Core Idea: Virtual Networks Over Physical Networks

In a traditional data center, networking is physical: you buy switches, routers, cables, and firewalls. In the cloud, networking is virtual: software defines the network topology, and it runs as an overlay on top of the provider’s physical network.

This is called Software-Defined Networking (SDN), and it is what allows every cloud customer to have their own isolated, configurable network — even though they all share the same physical infrastructure.

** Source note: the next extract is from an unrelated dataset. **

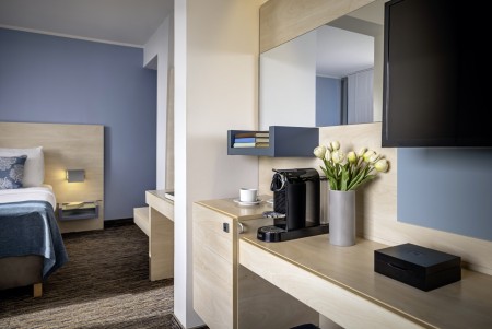 244 rooms: with air conditioning, telephone, WiFi internet (free of charge), LCD TV, safe, minibar and shower/WC. Baby crib available on request (for a fee, €5 per day).
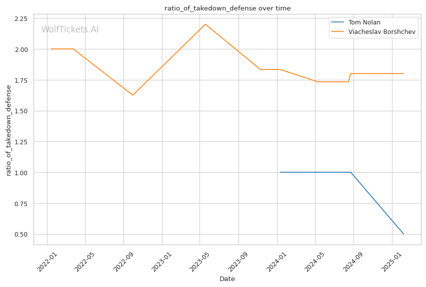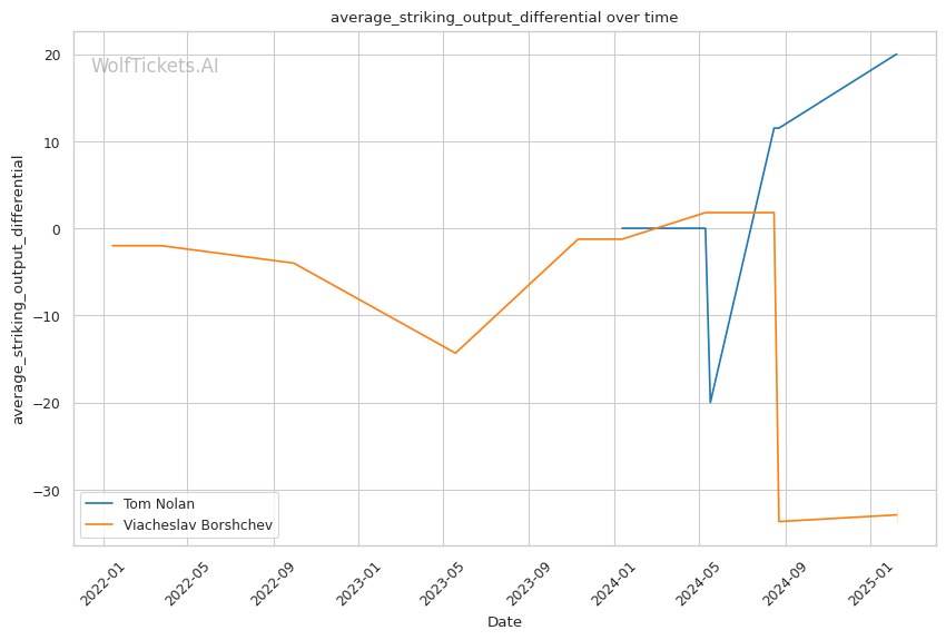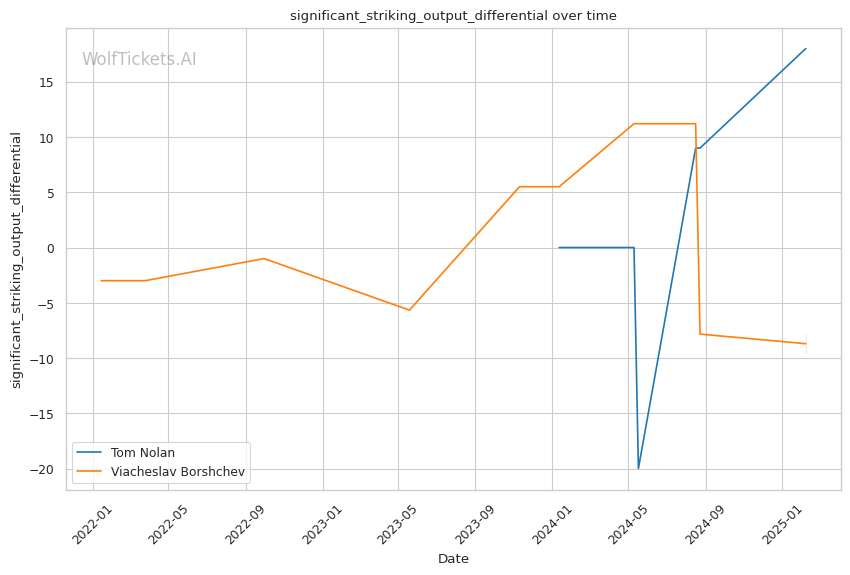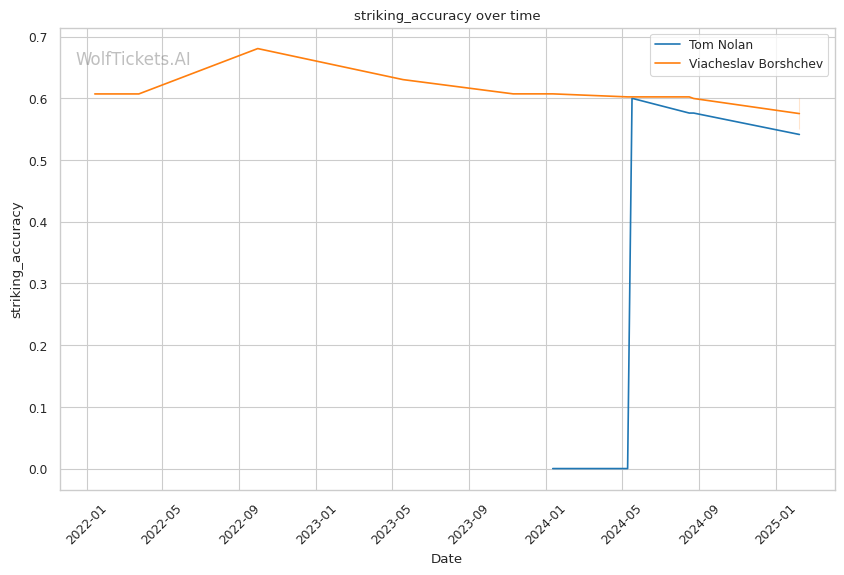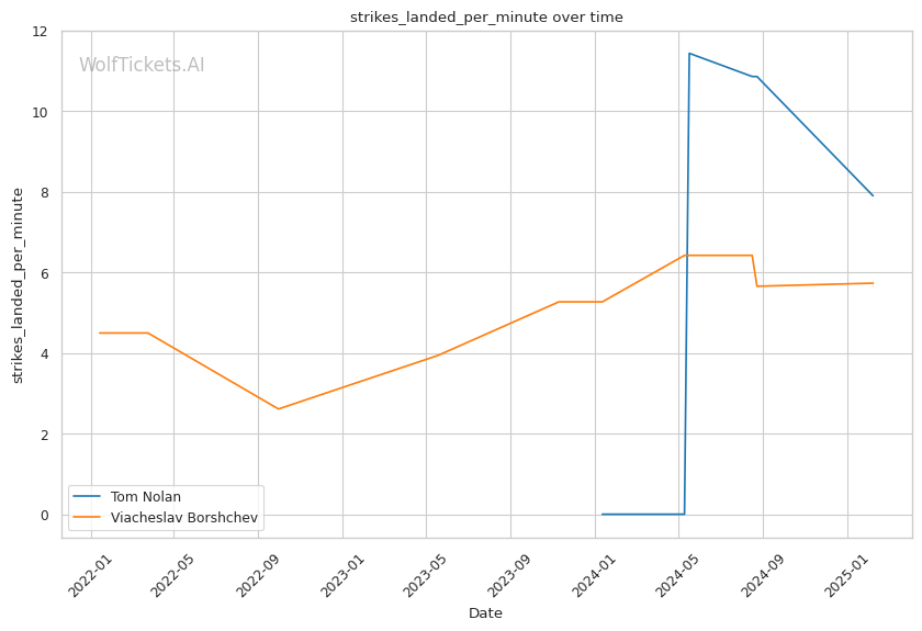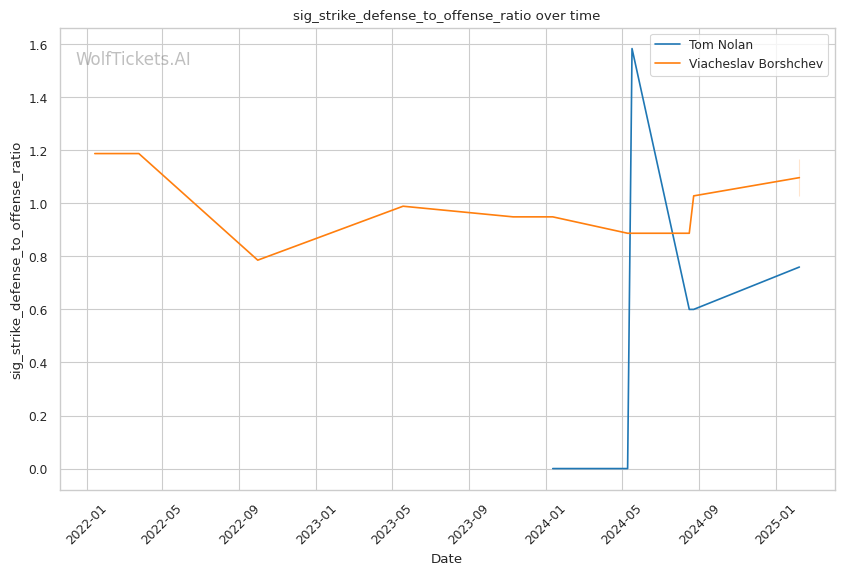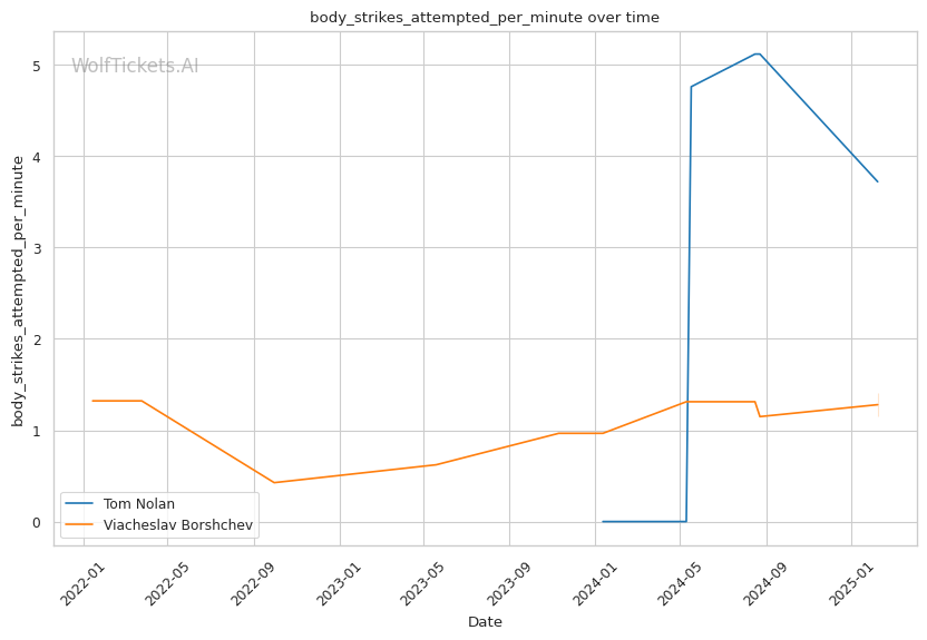 Expect Tom Nolan to capitalize on his reach and aggression, using his defensive improvements to withstand Borshchev's striking while exploiting grappling weaknesses. WolfTicketsAI firmly sides with Nolan for this bout.

  PHYSICAL vs VIRTUAL NETWORKING
  ===============================

  Physical (Traditional Data Center):
  +--------+     +--------+     +----------+
  | Server |-----| Switch |-----| Firewall |-----> Internet
  +--------+     +--------+     +----------+
  Physical cables, physical devices, physical configuration.

  Virtual (Cloud):
  +--------+     +-----------+     +----------+
  | EC2    |-----| Virtual   |-----| Internet |-----> Internet
  |Instance|     | Switch    |     | Gateway  |
  +--------+     +-----------+     +----------+
  Software-defined. No physical cables. Configured via API.
  Runs as an overlay on the provider's physical network fabric.

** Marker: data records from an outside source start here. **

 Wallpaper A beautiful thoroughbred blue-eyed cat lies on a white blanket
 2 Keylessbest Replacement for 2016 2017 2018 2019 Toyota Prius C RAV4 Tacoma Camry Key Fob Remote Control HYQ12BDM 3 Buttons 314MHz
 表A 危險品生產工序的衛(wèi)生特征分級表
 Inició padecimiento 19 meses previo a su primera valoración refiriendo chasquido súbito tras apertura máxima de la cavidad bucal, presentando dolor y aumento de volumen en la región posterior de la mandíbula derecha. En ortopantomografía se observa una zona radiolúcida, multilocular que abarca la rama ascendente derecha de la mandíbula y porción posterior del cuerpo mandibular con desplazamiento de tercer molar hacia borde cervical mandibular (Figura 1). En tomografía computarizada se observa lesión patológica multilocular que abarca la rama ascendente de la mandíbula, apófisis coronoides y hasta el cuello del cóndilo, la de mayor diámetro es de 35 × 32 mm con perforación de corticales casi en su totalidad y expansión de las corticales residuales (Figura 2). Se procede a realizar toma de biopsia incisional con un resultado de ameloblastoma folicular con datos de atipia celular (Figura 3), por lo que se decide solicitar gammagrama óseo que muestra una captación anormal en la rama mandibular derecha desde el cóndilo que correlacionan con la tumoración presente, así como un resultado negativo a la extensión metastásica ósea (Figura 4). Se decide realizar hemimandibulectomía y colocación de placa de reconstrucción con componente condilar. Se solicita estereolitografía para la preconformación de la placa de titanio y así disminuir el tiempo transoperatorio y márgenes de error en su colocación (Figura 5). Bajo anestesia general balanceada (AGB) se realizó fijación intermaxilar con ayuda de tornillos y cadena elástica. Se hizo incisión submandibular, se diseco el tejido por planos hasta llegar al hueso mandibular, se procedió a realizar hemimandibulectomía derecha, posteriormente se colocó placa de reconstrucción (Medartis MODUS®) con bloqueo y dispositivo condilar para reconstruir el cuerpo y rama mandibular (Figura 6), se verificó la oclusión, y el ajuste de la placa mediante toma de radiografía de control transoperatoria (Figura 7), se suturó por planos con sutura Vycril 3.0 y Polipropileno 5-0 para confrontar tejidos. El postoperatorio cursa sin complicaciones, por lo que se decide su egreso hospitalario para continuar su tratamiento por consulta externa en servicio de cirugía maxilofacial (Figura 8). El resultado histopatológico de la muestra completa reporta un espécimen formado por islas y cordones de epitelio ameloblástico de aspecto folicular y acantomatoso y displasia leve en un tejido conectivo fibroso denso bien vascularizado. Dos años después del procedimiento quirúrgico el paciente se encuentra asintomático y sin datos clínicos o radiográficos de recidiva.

VPC: Your Virtual Data Center

A Virtual Private Cloud (VPC) is a logically isolated section of the cloud provider’s network that you control. Think of it as your own private data center inside the cloud, with your own IP address range, subnets, routing rules, and security policies.

Key Properties of a VPC

Isolated: Traffic cannot flow between VPCs unless you explicitly allow it (via peering, Transit Gateway, or VPN).
Configurable: You define the IP range, subnets, route tables, gateways, and security rules.
Regional: A VPC spans all Availability Zones in a single region.
Free: VPCs themselves cost nothing. You pay for resources inside them (instances, NAT gateways, data transfer).

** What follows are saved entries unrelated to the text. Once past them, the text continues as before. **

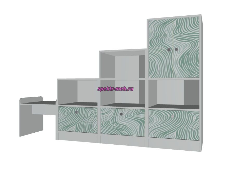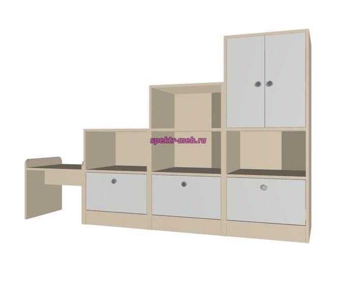 Предлагаем новую цветовую палитру для мебельных решений, ориентированных на использование в детских образовательных учреждениях и жилых пространствах. Палитра включает в себя спокойные древесные оттенки, такие как ЛДСП "Дуб молочный", "Ясень шимо светлый", "Бук Бавария" и "Серый"и др.
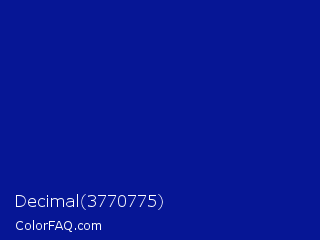 Decimal 3770775 Color is a dark blue color and the nearest color is Indigo Dye #091f92. Hex code #061695 and RGB value is rgb(6,22,149). In RGB color space, this color is composed of 2% red, 9% green, 58% blue, In CMYK color space, this color is composed of 96% cyan, 85% magenta, 0% yellow , 42% black , In HSL color space, this color has a hue angle of 233° , 92% saturation and 30% lightness.
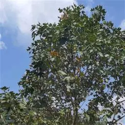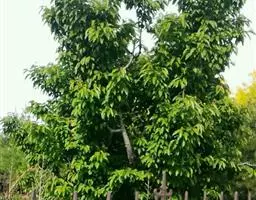 选择地势高燥、土壤深厚肥沃、有灌溉条件、土壤沙质不能过大、无盐碱性的地块作大苗育苗圃。圃地选好后施足基肥深翻,细耙整地。选1年生壮苗于翌春苗木发芽前带土球移栽。株行距1米×1米或1.5米×1.5米,尤其是后者,3年生苗木米径生长可达5厘米左右。采用1.5米×2米株行距定植,通过加强肥水管理。4-5年可培育出米径8-10厘米的大规格苗木。

  VPC ARCHITECTURE (AWS Example)
  ===============================

  Region: us-east-1
  +------------------------------------------------------+
  | VPC: 10.0.0.0/16 (65,536 IP addresses)               |
  |                                                        |
  |  AZ: us-east-1a            AZ: us-east-1b             |
  |  +-----------------------+ +-----------------------+   |
  |  | Public Subnet         | | Public Subnet         |   |
  |  | 10.0.1.0/24 (256 IPs) | | 10.0.2.0/24 (256 IPs)|   |
  |  | [Web Server]          | | [Web Server]          |   |
  |  +-----------------------+ +-----------------------+   |
  |  +-----------------------+ +-----------------------+   |
  |  | Private Subnet        | | Private Subnet        |   |
  |  | 10.0.3.0/24 (256 IPs) | | 10.0.4.0/24 (256 IPs)|   |
  |  | [App Server]          | | [App Server]          |   |
  |  +-----------------------+ +-----------------------+   |
  |  +-----------------------+ +-----------------------+   |
  |  | Private Subnet        | | Private Subnet        |   |
  |  | 10.0.5.0/24 (256 IPs) | | 10.0.6.0/24 (256 IPs)|   |
  |  | [Database]            | | [Database Standby]    |   |
  |  +-----------------------+ +-----------------------+   |
  +------------------------------------------------------+

CIDR Notation and Subnet Math

CIDR (Classless Inter-Domain Routing) notation defines IP address ranges. Mastering CIDR math is essential for cloud networking.

The Basics

A CIDR block like 10.0.0.0/16 means:

The first 16 bits are the network prefix (fixed)
The remaining 16 bits are available for host addresses
Total addresses: 2^(32-16) = 2^16 = 65,536

Quick Reference Table

CIDR	Subnet Mask	Total IPs	Usable IPs*	Use Case
/16	255.255.0.0	65,536	65,531	Large VPC
/20	255.255.240.0	4,096	4,091	Medium subnet
/24	255.255.255.0	256	251	Standard subnet
/26	255.255.255.192	64	59	Small subnet
/28	255.255.255.240	16	11	Tiny subnet

*AWS reserves 5 IPs per subnet: network address, VPC router, DNS, future use, and broadcast.

Subnet Planning Example

  SUBNET PLANNING FOR A /16 VPC
  ===============================

  VPC: 10.0.0.0/16 (65,536 addresses)

  Split into /20 subnets (4,096 addresses each):

  10.0.0.0/20    = 10.0.0.0   - 10.0.15.255   (Public, AZ-a)
  10.0.16.0/20   = 10.0.16.0  - 10.0.31.255   (Public, AZ-b)
  10.0.32.0/20   = 10.0.32.0  - 10.0.47.255   (Public, AZ-c)
  10.0.48.0/20   = 10.0.48.0  - 10.0.63.255   (Private, AZ-a)
  10.0.64.0/20   = 10.0.64.0  - 10.0.79.255   (Private, AZ-b)
  10.0.80.0/20   = 10.0.80.0  - 10.0.95.255   (Private, AZ-c)
  10.0.96.0/20   = 10.0.96.0  - 10.0.111.255  (Data, AZ-a)
  10.0.112.0/20  = 10.0.112.0 - 10.0.127.255  (Data, AZ-b)
  ...
  (Room for 16 total /20 subnets in a /16 VPC)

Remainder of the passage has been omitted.